原生方式
无论是生产者还是消费者,引入的依赖都是kafka-clients,maven坐标如下:
<dependency>
<groupId>org.apache.kafka</groupId>
<artifactId>kafka-clients</artifactId>
<version>1.1.0</version>
</dependency>
生产者
kafka生产者对象就是KafkaProducer,构造方式如下:
Properties props = new Properties();
// kafka集群地址
props.put("bootstrap.servers", "10.0.55.229:9092");
// kafka消息key的序列化方式
props.put("key.serializer", "org.apache.kafka.common.serialization.StringSerializer");
// kafka消息value的序列化方式
props.put("value.serializer", "org.apache.kafka.common.serialization.StringSerializer");
KafkaProducer<String, String> kafkaProducer = new KafkaProducer<>(props);
消息
-创建生产者
KafkaProducer构造好后,需要构造待发送的消息。kafka消息对象是ProducerRecord,根据源码可知,构造方式有多种:
public class ProducerRecord<K, V> {
/**
* 所有构造方法最后都是调用这个构造方法, 所以弄明白这个构造方法所有参数含义就可以了
* Creates a record with a specified timestamp to be sent to a specified topic and partition
* @param topic - The topic the record will be appended to, topic名称
* @param partition - The partition to which the record should be sent, 消息发送的目标分区名称, 如果不指定, kafka会根据Partitioner计算目标分区
* @param timestamp - The timestamp of the record, in milliseconds since epoch. If null, the producer will assign
* the timestamp using System.currentTimeMillis(). 消息发送的指定时间戳, 默认为当前时间
* @param key - The key that will be included in the record, 消息的key, kafka根据这个key计算分区
* @param value - The record contents 消息的内容
* @param headers - the headers that will be included in the record
*/
public ProducerRecord(String topic, Integer partition, Long timestamp, K key, V value, Iterable<Header> headers) {
// topic是构造ProducerRecord的必传参数
if (topic == null)
throw new IllegalArgumentException("Topic cannot be null.");
// 发送的时间戳不能为负数
if (timestamp != null && timestamp < 0)
throw new IllegalArgumentException(
String.format("Invalid timestamp: %d. Timestamp should always be non-negative or null.", timestamp));
// 分区值不能为负数
if (partition != null && partition < 0)
throw new IllegalArgumentException(
String.format("Invalid partition: %d. Partition number should always be non-negative or null.", partition));
this.topic = topic;
this.partition = partition;
this.key = key;
this.value = value;
this.timestamp = timestamp;
this.headers = new RecordHeaders(headers);
}
public ProducerRecord(String topic, Integer partition, Long timestamp, K key, V value) {
this(topic, partition, timestamp, key, value, null);
}
public ProducerRecord(String topic, Integer partition, K key, V value, Iterable<Header> headers) {
this(topic, partition, null, key, value, headers);
}
public ProducerRecord(String topic, Integer partition, K key, V value) {
this(topic, partition, null, key, value, null);
}
public ProducerRecord(String topic, K key, V value) {
this(topic, null, null, key, value, null);
}
public ProducerRecord(String topic, V value) {
this(topic, null, null, null, value, null);
}
... ...
}
- 创建消息
下面构造一个最常用的ProducerRecord,只指定topic和value,由kafka去决定分区:
// ProducerRecord就是发送的信息对象, 包括: topic名称, key(可选), value(发送的内容)

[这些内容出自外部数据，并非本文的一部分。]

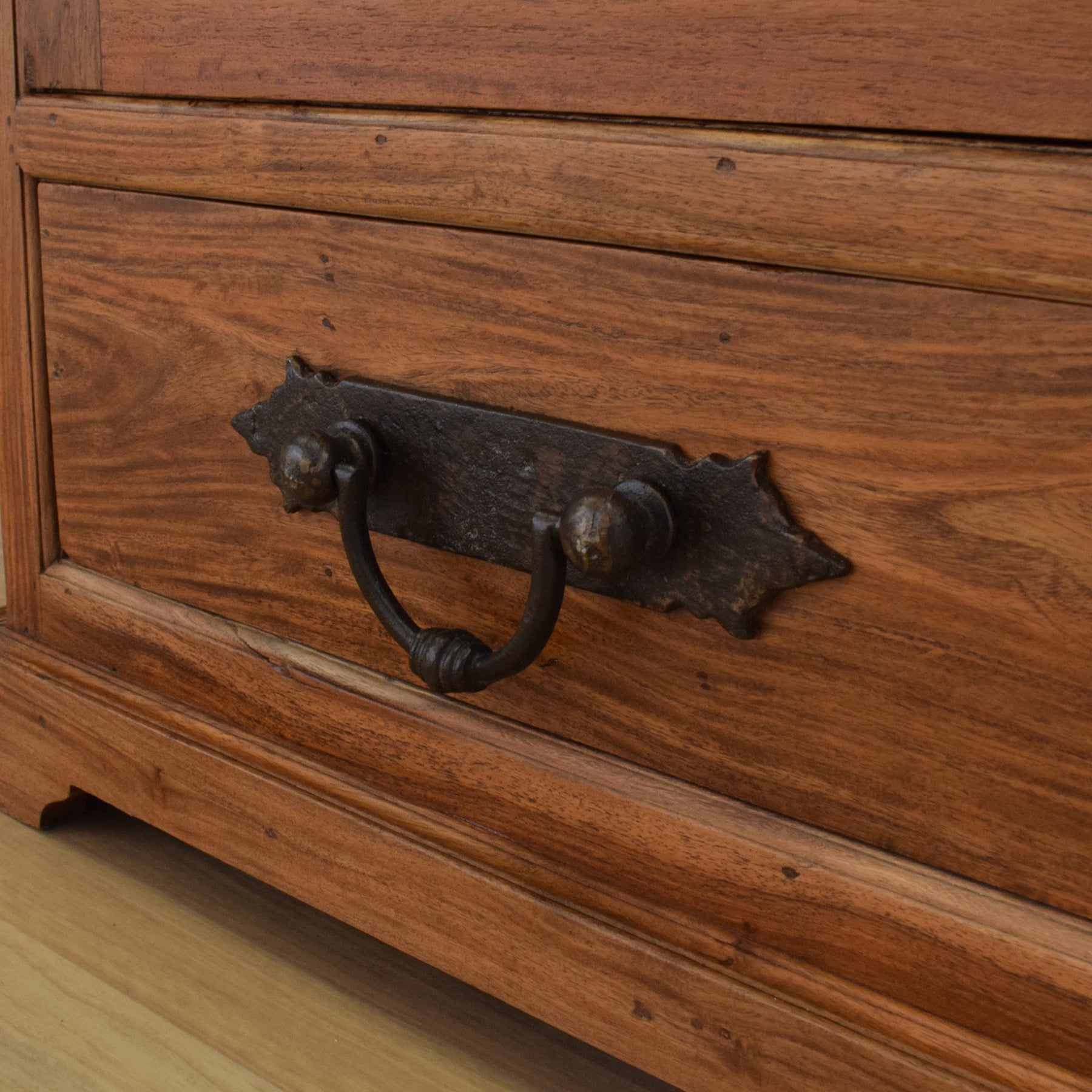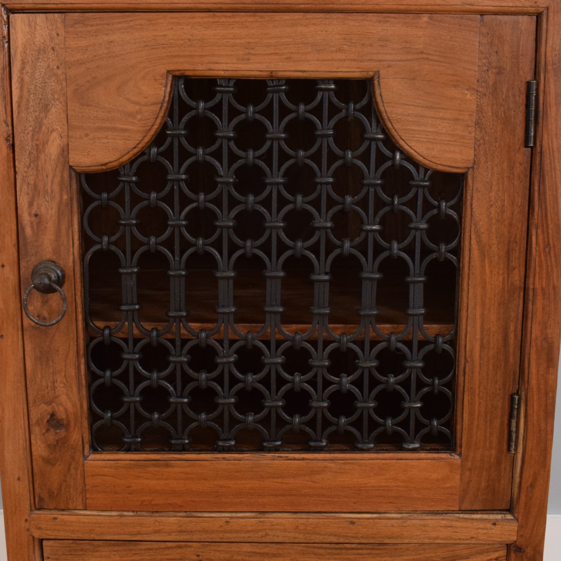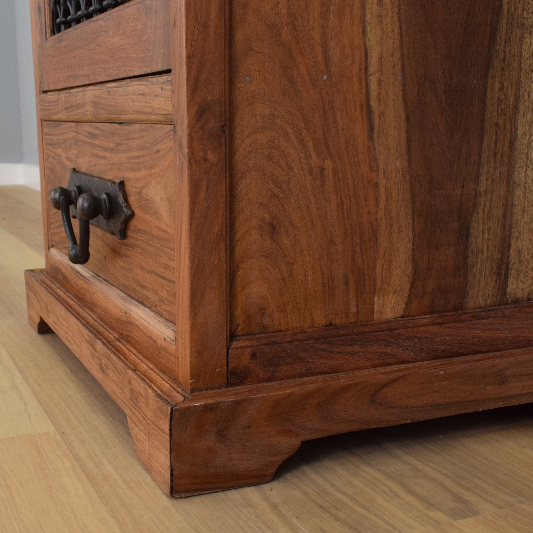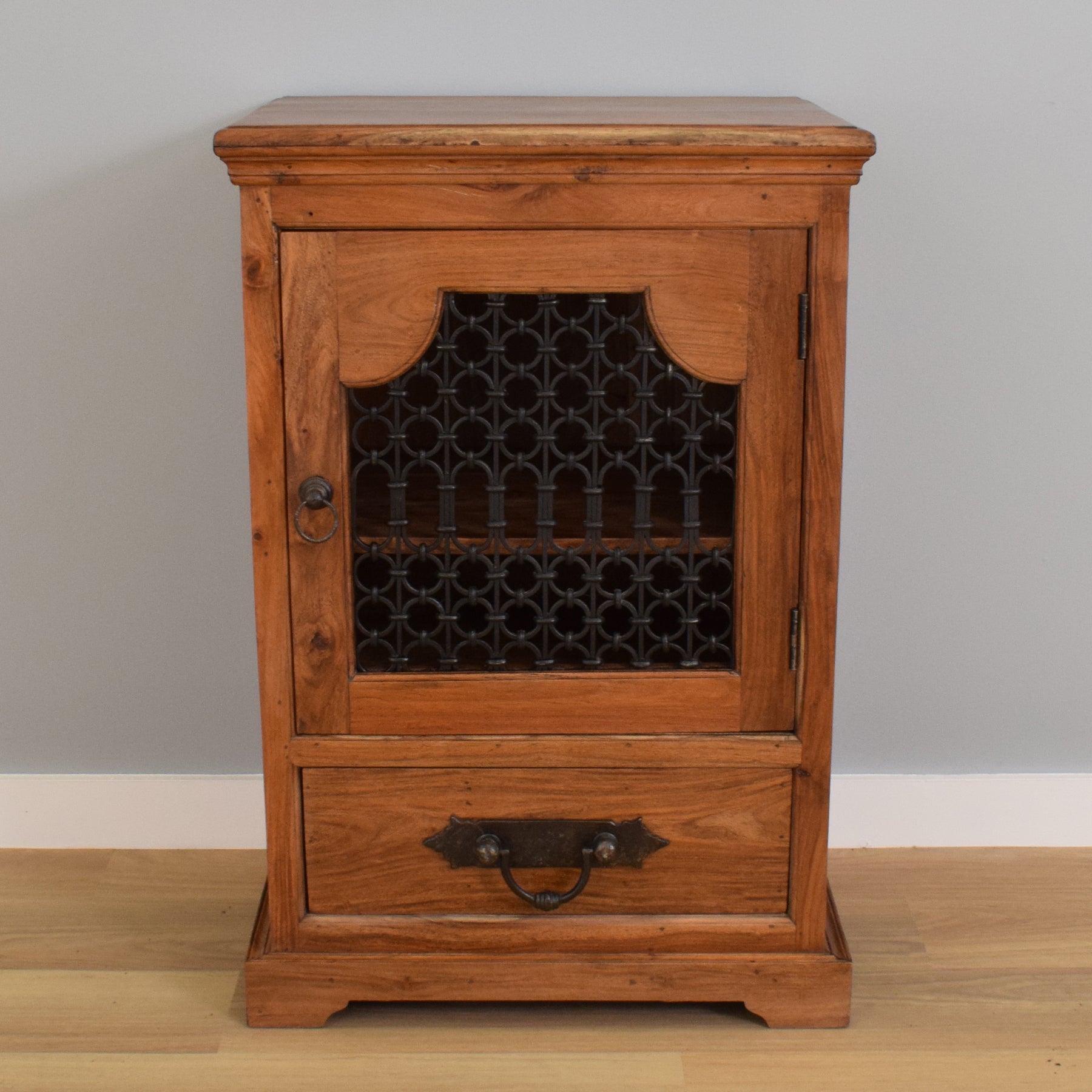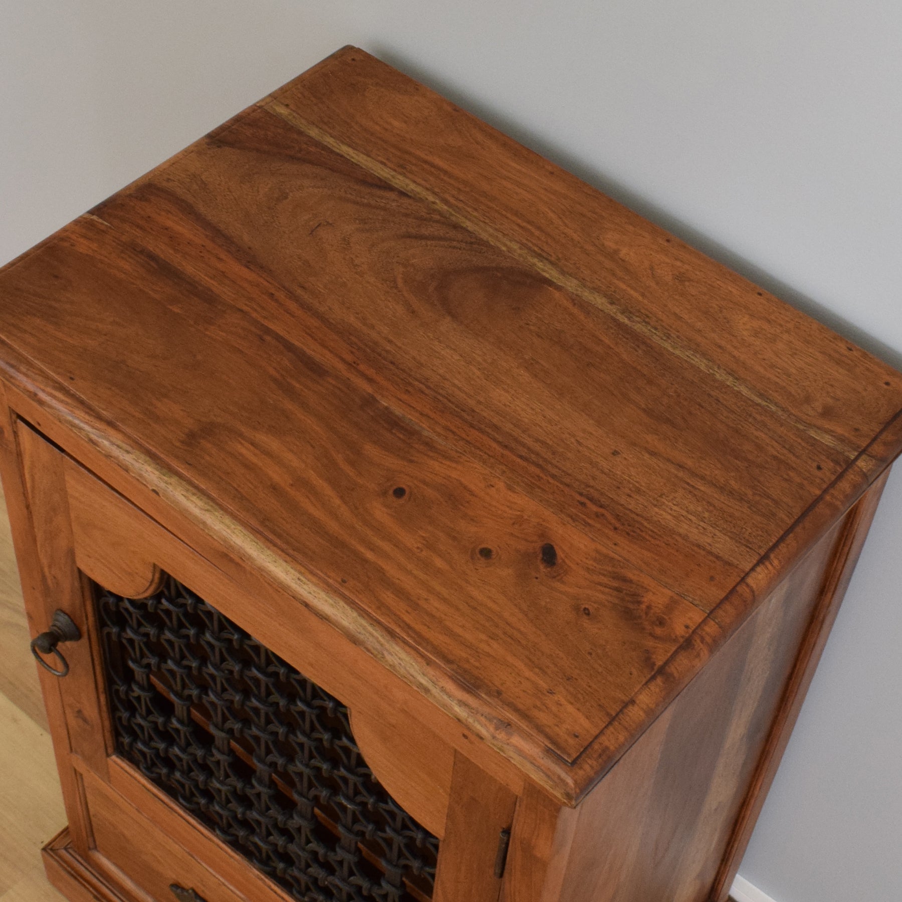 Crafted from solid sheesham, an Indian hardwood celebrated for its rich grain and durability, this cupboard features a single cabinet door adorned with an intricate wrought iron grille. Below, a spacious drawer provides additional storage, each with sturdy wrought iron handles that enhance its traditional look.

// key的用途主要是:消息的附加信息,用来决定消息被写到哪个分区,拥有相同key的消息会被写到同一个分区
ProducerRecord<String, String> record = new ProducerRecord<>("ORDER-DETAIL",
JSON.toJSONString(new Order(201806260001L, new Date(), 98000, "desc", "165120001")));
消费者
- 创建消费者
kafka消费者者对象就是KafkaConsumer,构造方式如下:
Properties props = new Properties();
// kafka集群地址
props.put("bootstrap.servers", "10.0.55.229:9092");
// ConsumerGroup即消费者组名称
props.put("group.id", "afei");
// kafka消息key的反序列化方式
props.put("key.deserializer", "org.apache.kafka.common.serialization.StringDeserializer");
// kafka消息value的序列化方式
props.put("value.deserializer", "org.apache.kafka.common.serialization.StringDeserializer");
KafkaConsumer<String, String> kafkaConsumer = new KafkaConsumer<>(props);
- 订阅并消费
// 订阅的topic名称
kafkaConsumer.subscribe(Lists.newArrayList("ORDER-DETAIL"));
try {
while (true) {
// 消费者必须持续从kafka进行轮询, 否则会被认为死亡, 从而导致它处理的分区被交给同一ConsumerGroup的其他消费者
ConsumerRecords<String, String> records = kafkaConsumer.poll(1000);
// 为了防止消费者被认为死亡, 需要尽可能确保处理消息工作尽快完成
for (ConsumerRecord<String, String> record : records) {
System.out.println("message content: "+GSON.toJson(record));
System.out.println("message value : "+record.value());
}
// 每次消费完后异步提交
kafkaConsumer.commitAsync();
}
}finally {
// 消费者关闭之前调用同步提交
kafkaConsumer.commitSync();
kafkaConsumer.close();
}
集成spring方式
现在的项目一般标配了spring,通过spring集成kafka能够大大的方便业务开发。集成方式也比较简单,只需增加如下maven坐标:
<dependency>
<groupId>org.springframework.integration</groupId>
<artifactId>spring-integration-kafka</artifactId>
<version>3.0.3.RELEASE</version>
</dependency>
生产者
- 定义生产者
spring集成kafka的生产者配置方式如下(部分属性配置通过properties解耦,用户使用时可以自定义):
<?xml version="1.0" encoding="UTF-8"?>
<beans xmlns="http://www.springframework.org/schema/beans"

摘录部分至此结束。